Re: Initial proposal for bluestore compression control and statistics

Igor Fedotov <ifedotov@xxxxxxxxxxxx> · Fri, 20 May 2016 17:36:20 +0300

On 19.05.2016 22:40, Sage Weil wrote:
Hi Igor!

On Thu, 19 May 2016, Igor Fedotov wrote:
Hi cephers,

please find my initial proposal with regard to bluestore compression control
and related statistics.

Any comments/thoughts are highly appreciated.

==================================================================

COMPRESSION CONTROL OPTIONS

One can see following means to control  compression at BlueStore level.

1) Per-store setting to enable/disable compression and specify default
compression method

bluestore_compression = <zlib | snappy> / <force | optional | disable>

E.g.

bluestore_compression = zlib/force

The first token denotes default/applied compression algorithm.
The second one:

'force' - enables compression for any objects

'optional' - burden the caller with the need to enable compression by
different means (see below)

'disable' - unconditionally disables any compression for the store.

This option is definitely useful for testing/debugging and has probably
limited use in production.
Do we need the 'disable' option?  i.e., is there any difference between

  bluestore compression = snappy/disable

and

  bluestore compression =
Actually there is no specific need for "disable". Blank is enough. But 
IMHO having explicit token improves config readability a bit.
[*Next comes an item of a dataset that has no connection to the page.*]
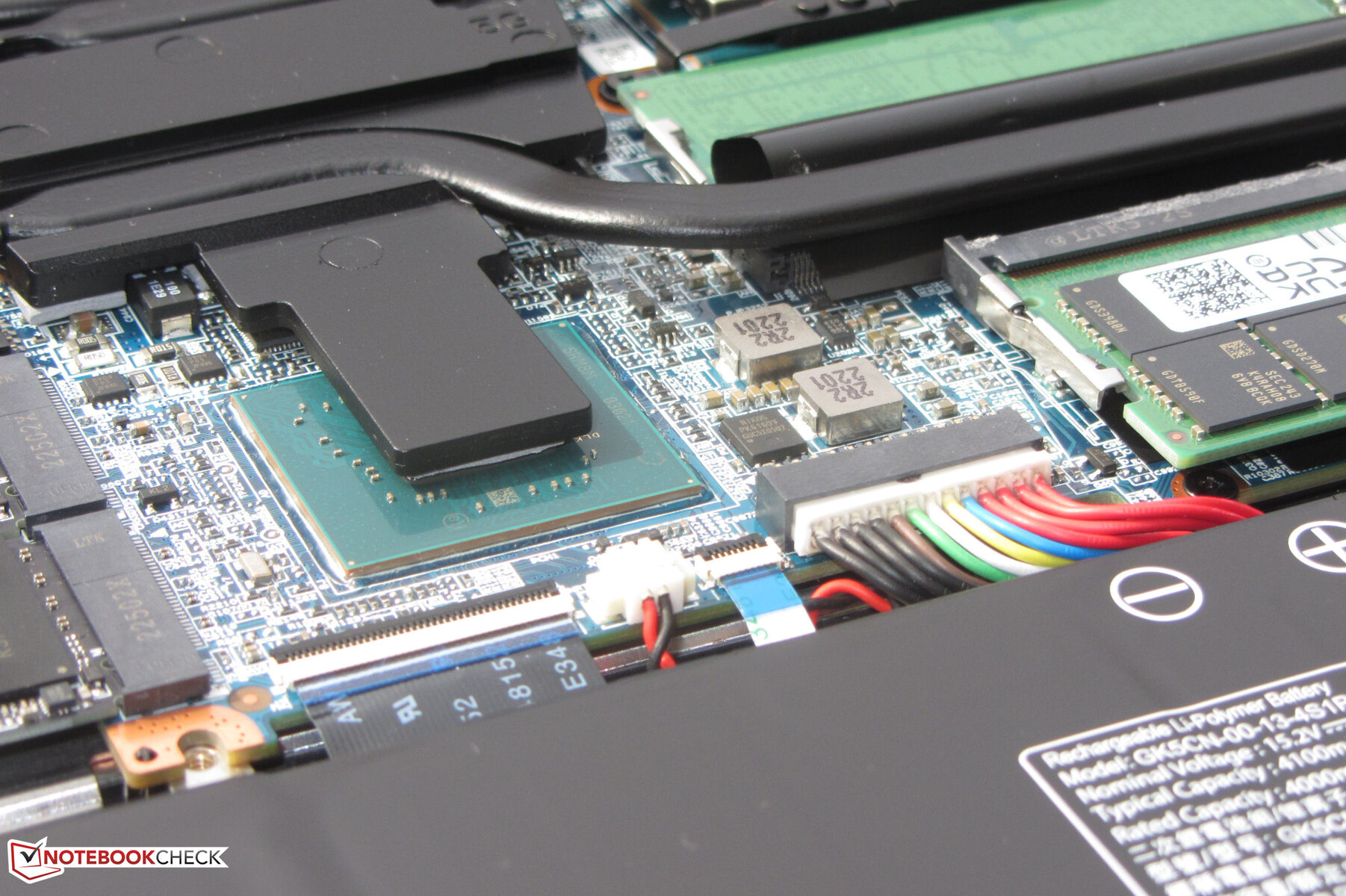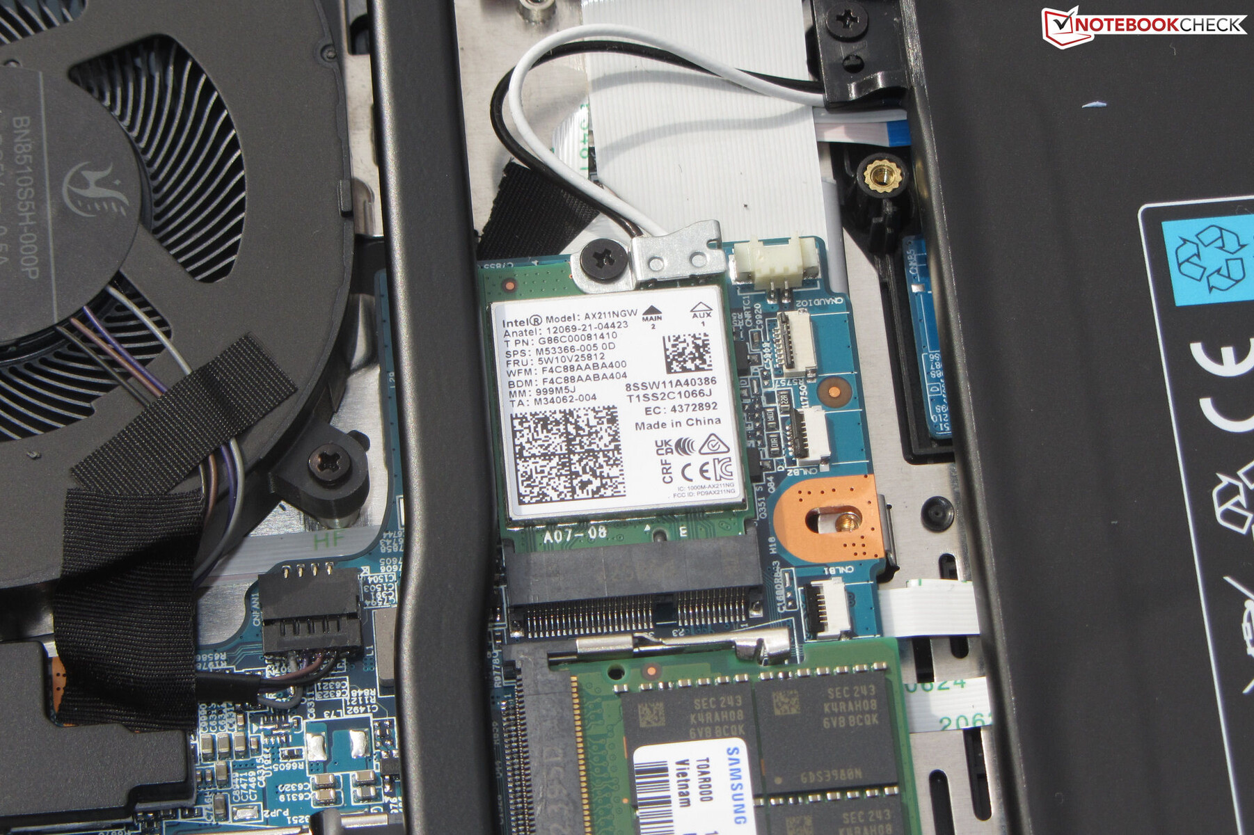 Efter att ha tagit bort alla skruvar på enhetens undersida kan bottenskalet lossas med hjälp av en platt spatel eller en fogslätare. Du har då tillgång till de två RAM-platserna (båda upptagna), de två SSD-enheterna (PCIe 4, M.2-2280), WLAN-modulen, fläktarna, BIOS-batteriet och batteriet till den bärbara datorn.
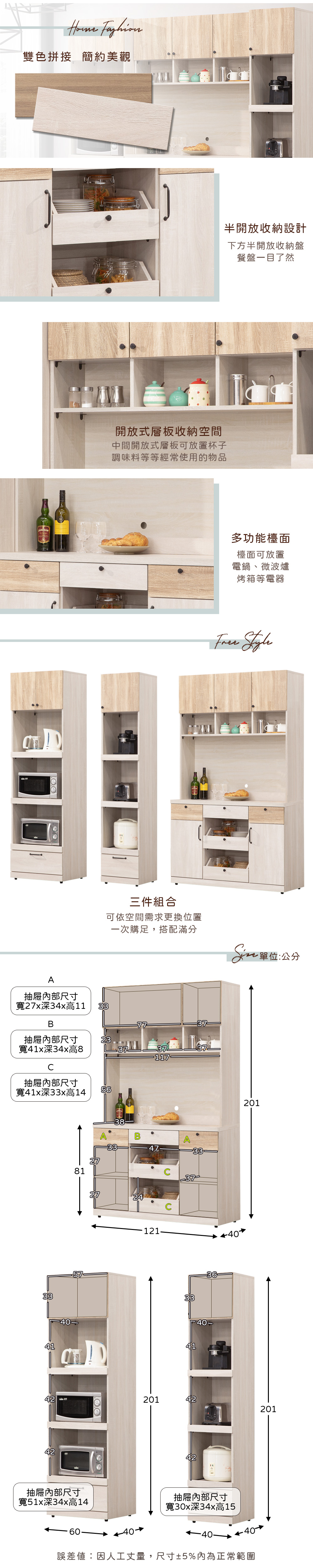 ◆雙色拼接,簡約美觀◆三件組合,可以需求更換位置◆半開放收納盤,餐具一目了然◆免自行組裝,專人配送到府◆廚房、餐廳收納好幫手◆可當餐櫃、高櫃、電器收納櫃、廚櫃◆六拉盤+七抽屜收納尺寸:寬 221 x 深 40 x 高 201 公分材質:高級木心板顏色:雪松+梧桐色產地:台灣誤差值:因人工丈量,尺寸±5%內為正常範圍

Also, since we don't need to list multiple algorithms, we can probably
just simplify this to be

  bluestore compression algorithm = snappy

and then

  bluestore compression = force | optional | disable

or maybe just

  bluestore compression force = true/false
  bluestore compression allow = true/false

with a check that prevents nonsensical (force + allow).  Right now we
don't have a enum config option type (although we perhaps should).
I'd prefer variant with "bluestore compression algorithm" & "bluestore 
compression" parameters

2) Per-object compression specification. One should be able to enable/disable
compression for specific object.

Following sub-option can be provided:

   a) Specify compression mode (along with disablement option) at object
creation

   b) Specify compression mode at arbitrary moment via specific method/ioctl
call. Compression to be applied for subsequent write requests

   c) Force object compression/decompression at arbitrary moment via specific
method/ioctl call. Existing object content to be compressed/decompressed and
appropriate mode to be set for subsequent write requests.
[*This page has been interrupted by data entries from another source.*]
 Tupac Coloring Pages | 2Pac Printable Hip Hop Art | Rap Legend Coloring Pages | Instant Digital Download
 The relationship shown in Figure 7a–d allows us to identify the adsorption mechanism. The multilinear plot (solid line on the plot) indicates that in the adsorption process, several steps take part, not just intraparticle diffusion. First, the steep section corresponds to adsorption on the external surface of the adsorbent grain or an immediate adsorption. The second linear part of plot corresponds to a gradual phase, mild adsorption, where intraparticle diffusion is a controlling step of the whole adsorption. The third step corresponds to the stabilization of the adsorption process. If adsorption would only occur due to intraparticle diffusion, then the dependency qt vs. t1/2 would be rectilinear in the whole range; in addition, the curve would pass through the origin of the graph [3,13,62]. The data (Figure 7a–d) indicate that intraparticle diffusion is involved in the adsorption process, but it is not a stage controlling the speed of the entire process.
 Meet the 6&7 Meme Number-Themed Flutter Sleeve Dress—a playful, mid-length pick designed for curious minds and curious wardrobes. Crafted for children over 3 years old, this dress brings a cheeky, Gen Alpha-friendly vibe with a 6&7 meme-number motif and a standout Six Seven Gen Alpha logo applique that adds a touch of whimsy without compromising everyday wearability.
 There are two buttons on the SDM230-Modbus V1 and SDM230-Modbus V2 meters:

   d) Disable compression for short-lived objects if corresponding hint has
been provided via set_alloc_hint2 call. See PR at
https://github.com/ceph/ceph/pull/6208/files/306c5e148cd2f538b3b6c8c2a1a3d5f38ef8e15a#r63775941
I think a, b, and d can be address by adding two hints to the
set_alloc_hint2 operation:

  COMPRESSIBLE
  INCOMPRESSBILE

The first would attempt compression if bluestore compression = allow, and
the second would not try even if compression = force.
Cool!
Alternatively, we could have

  bluestore compression = force | aggressive | passive | disable

where aggressive would try unless INCOMPRESSIBLE and passive would not try
unless COMPRESSIBLE.
Sounds good!

I would make the SHORTLIVED inference an independent heuristic that is
optional, and basically makes SHORTLIVED => INCOMPRESSIBLE and LONGLIVED
=> COMPRESSIBLE.

Along with specific compression algorithm one should be able to specify
default algorithm selection. E.g. user can specify 'default' compression for
an object instead of specific 'zlib' or 'snappy' value.
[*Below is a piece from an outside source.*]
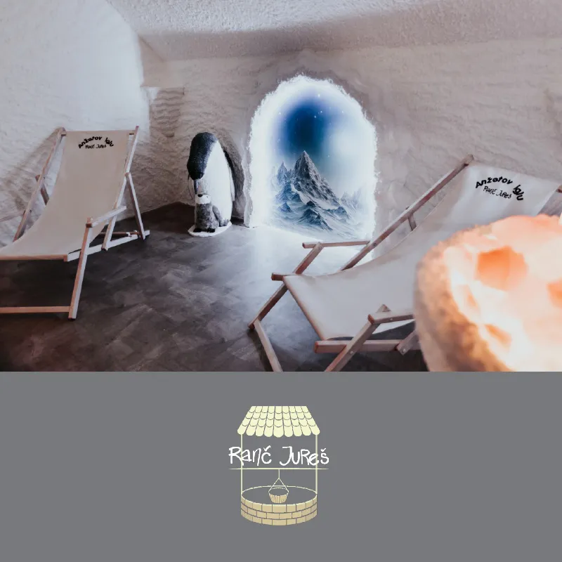 Obisk solne sobe Anžetov iglu za dve odrasli osebi na ranču Jureš, v času trajanja 40 minut. Solna soba je mesto za osebe, ki si želijo sprostitve in počitka. Vstopite in se prepustite toplini tega ljubkega pingvinjega doma. Solna soba je popolnoma naravna terapija, ki se priporoča še posebej za otroke. V pomoč je osebam z astmo, okužbami dihanih poti, alergijami in dermatitisi. Z vdihavanjem soli je poskrbljeno za čiščenje in razkuževanje dihalnih poti ter okrepitev naravne odpornosti.
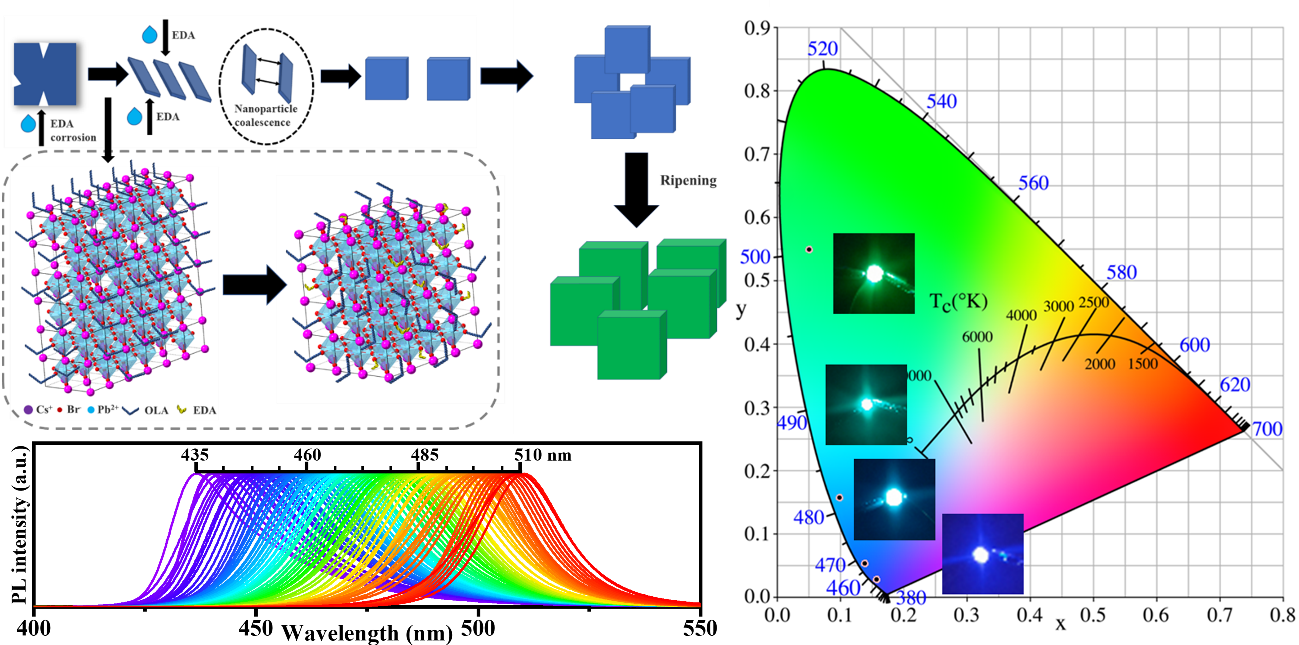 近日,孙春副教授带领研究团队开发了一种腐蚀生长合成策略,以获得尺寸可调和强量子限制效应的铅基卤化物钙钛矿纳米片。首先通过成核过程获得n=2纳米片。通过锰-配体相互作用稳定,可以用作生长的起始材料(种子)。使用乙二胺来腐蚀一些有缺陷的种子纳米片,以释放单体。然后这些单体在稳定种子纳米片上继续生长。通过仔细调整乙二胺的量和添加次数,可以获得厚度可控的纳米颗粒,发射波长可在435 nm至510 nm之间调节,步长可达1 nm。在整个过程中,乙二胺的螯合作用钝化并稳定了纳米颗粒,实现了显著的稳定性和接近100%的发光效率。此外,由于其拥有很好的光电特性,通过使用制备的纳米颗粒作为颜色转换层来制造了明亮的紫蓝色、蓝色、青色和绿色单色发光二极管,显示出LED的重大应用潜力。

This way one can avoid the need to care about the proper algorithm selection
for each object.

Default algorithm to be taken from the store setting (see above)
Do we need to vary the alg per object?
There were some notes about that from Allen and Blair Bethwaite during 
the initial bluestore compression discussion.
For your c above, I think we probably want a 'compress' and 'decompress'
rados op, but until we have an actual user that would make use of it, I
don't think we should worry about it.  In the meantime, someone can
just set the hint and rewrite the object if they want to force
compression on existing data.
Agreed
Such an option provides pretty good level of flexibility. Upper level can
introduce additional logic to control compression this way, e.g.
enable/disable it for specific pools or dynamically control depending on how
compressible object content is.

3) Per-write request compression control.

This option provides the highest level of flexibility but is probably an
overkill.

Any rationales to have it?
I don't think we need it.

==================================================================

PER-STORE STATISTICS

Following statistics parameters to be introduced on per-store basis:

1) Allocated - total amount of data in allocated blobs

2) Stored - actual amount of stored object content, i.e. sum of all objects
uncompressed content

3) StoredCompressed - amount of stored compressed data

4) StoredCompressedOriginal - original amount of stored compressed data

5) CompressionProcessed - amount of data processed by the compression. This
differ from 'StoredCompressed' as some data can be finally stored uncompressed
or removed. Also potentially the parameter can be reset by some means.

6) CompressOpsCount - amount of compression operations completed. The
parameter can be reset by some means.

7) CompressTime - amount of time spent for compression. The parameter can be
reset by some means.

8) WriteOpsCount - amount of write operations completed. The parameter can be
reset by some means.

9) WriteTime - amount of time spent for write requests processing. The
parameter can be reset by some means.

10) WrittenTotal - amount of written data.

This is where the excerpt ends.